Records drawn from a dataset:
Segment Open
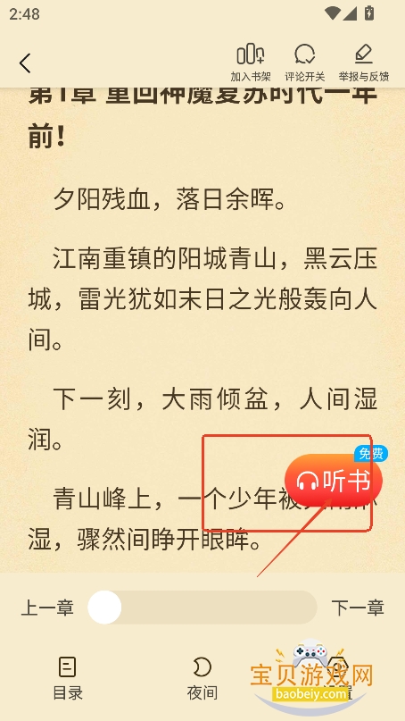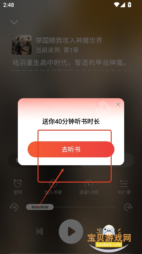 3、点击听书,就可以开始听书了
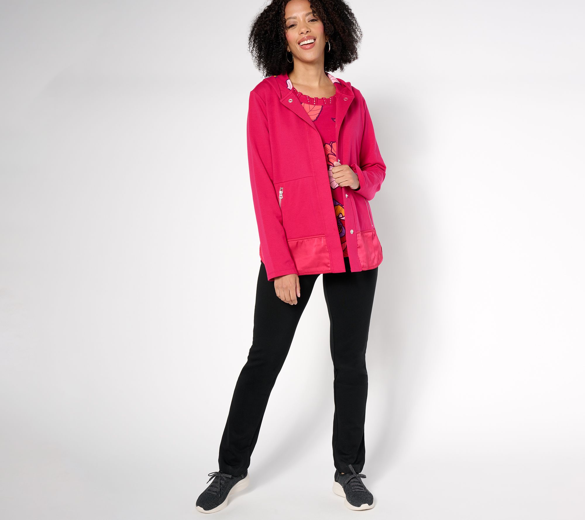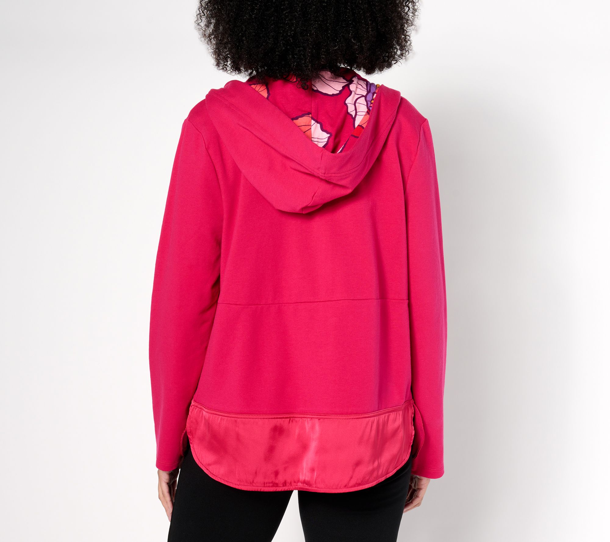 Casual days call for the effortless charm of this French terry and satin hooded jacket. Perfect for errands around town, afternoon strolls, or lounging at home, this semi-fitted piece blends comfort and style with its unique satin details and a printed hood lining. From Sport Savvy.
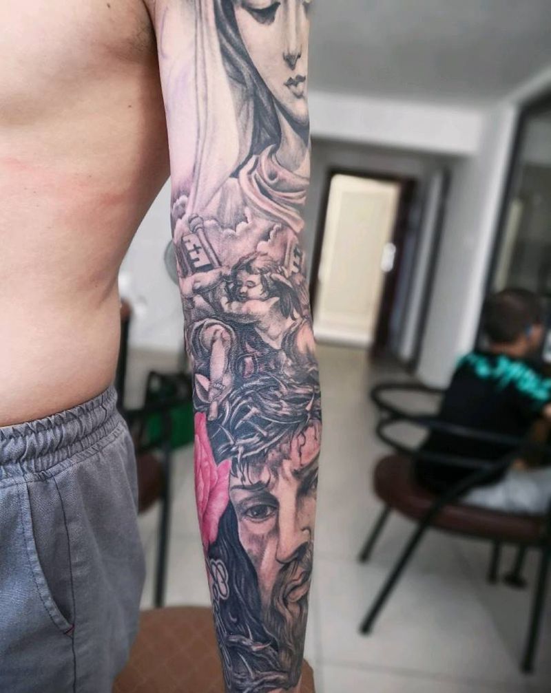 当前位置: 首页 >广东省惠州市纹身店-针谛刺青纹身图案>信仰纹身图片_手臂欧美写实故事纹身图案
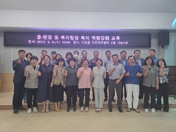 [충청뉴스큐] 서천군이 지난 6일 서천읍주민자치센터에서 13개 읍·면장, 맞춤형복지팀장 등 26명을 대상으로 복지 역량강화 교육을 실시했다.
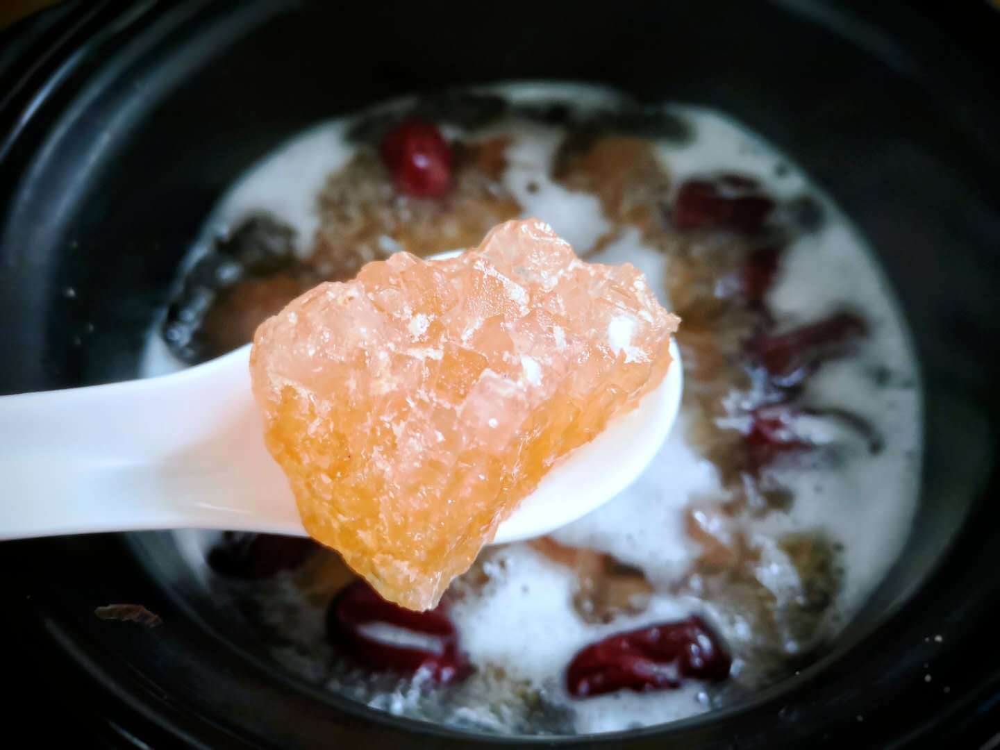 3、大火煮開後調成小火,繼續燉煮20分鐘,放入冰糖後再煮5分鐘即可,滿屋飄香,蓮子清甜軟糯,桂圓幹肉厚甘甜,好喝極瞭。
Segment Closed
• _EXERCISE AIM_:
If a line falls between the first line of the records above and the line containing "当前位置: 首页 >广东省惠州市纹身店-针谛刺青纹身图案>信仰纹身图片_手臂欧美写实故事纹身图案", inclusive, retype it exactly; leave pictures out.

• _SOLUTION TO THIS PROBLEM_:
 3、点击听书,就可以开始听书了
 Casual days call for the effortless charm of this French terry and satin hooded jacket. Perfect for errands around town, afternoon strolls, or lounging at home, this semi-fitted piece blends comfort and style with its unique satin details and a printed hood lining. From Sport Savvy.
 当前位置: 首页 >广东省惠州市纹身店-针谛刺青纹身图案>信仰纹身图片_手臂欧美写实故事纹身图案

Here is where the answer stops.